Logistic Variational Bayes Revisited

TL;DR

This paper introduces a new, tighter bound for variational logistic regression that improves accuracy and speed, avoiding complex extensions or additional parameters, and demonstrating state-of-the-art performance.

Contribution

A novel bound for the expectation of the softplus function that enhances variational logistic regression without increasing model complexity.

Findings

The new bound is tighter than existing bounds.

The proposed method achieves state-of-the-art performance.

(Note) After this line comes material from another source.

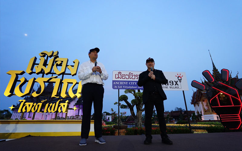 นายปั้น ทองทิว วิริยะพันธุ์ กรรมการผู้จัดการ บริษัท เมืองโบราณ จำกัด กล่าวถึงความร่วมมือในการจัดงาน ครั้งนี้ว่า “นับเป็นโอกาสอันดี ที่เมืองโบราณ สมุทรปราการ อุทยานประวัติศาสตร์ที่มีชีวิต ได้ร่วมมือกับ บริษัท อินเด็กซ์ ครีเอทีฟ วิลเลจ จำกัด สร้างสรรค์งานเมืองโบราณ ไลท์ เฟส ขึ้น ซึ่งเป็นช่วงเวลาสำคัญที่เมืองโบราณ ได้นำเทคโนโลยีสื่อผสมสมัยใหม่มาใช้พัฒนาการจัดแสดงของพิพิธภัณฑ์ เป็นการจัดกิจกรรมต่อยอดภารกิจทางวัฒนธรรม จากพิพิธภัณฑ์เอกชนกลางแจ้งที่เป็นแหล่งรวบรวมสถาปัตยกรรมและศิลปกรรมของไทยโบราณ สู่ความเป็นกลุ่มพิพิธภัณฑ์เอกชน ที่ทันสมัยและเป็นที่รู้จักไปทั่วโลก

It is significantly faster than Monte Carlo methods.

Abstract

Variational logistic regression is a popular method for approximate Bayesian inference seeing wide-spread use in many areas of machine learning including: Bayesian optimization, reinforcement learning and multi-instance learning to name a few. However, due to the intractability of the Evidence Lower Bound, authors have turned to the use of Monte Carlo, quadrature or bounds to perform inference, methods which are costly or give poor approximations to the true posterior. In this paper we introduce a new bound for the expectation of softplus function and subsequently show how this can be applied to variational logistic regression and Gaussian process classification. Unlike other bounds, our proposal does not rely on extending the variational family, or introducing additional parameters to ensure the bound is tight. In fact, we show that this bound is tighter than the state-of-the-art, and that the resulting variational posterior achieves state-of-the-art performance, whilst being significantly faster to compute than Monte-Carlo methods.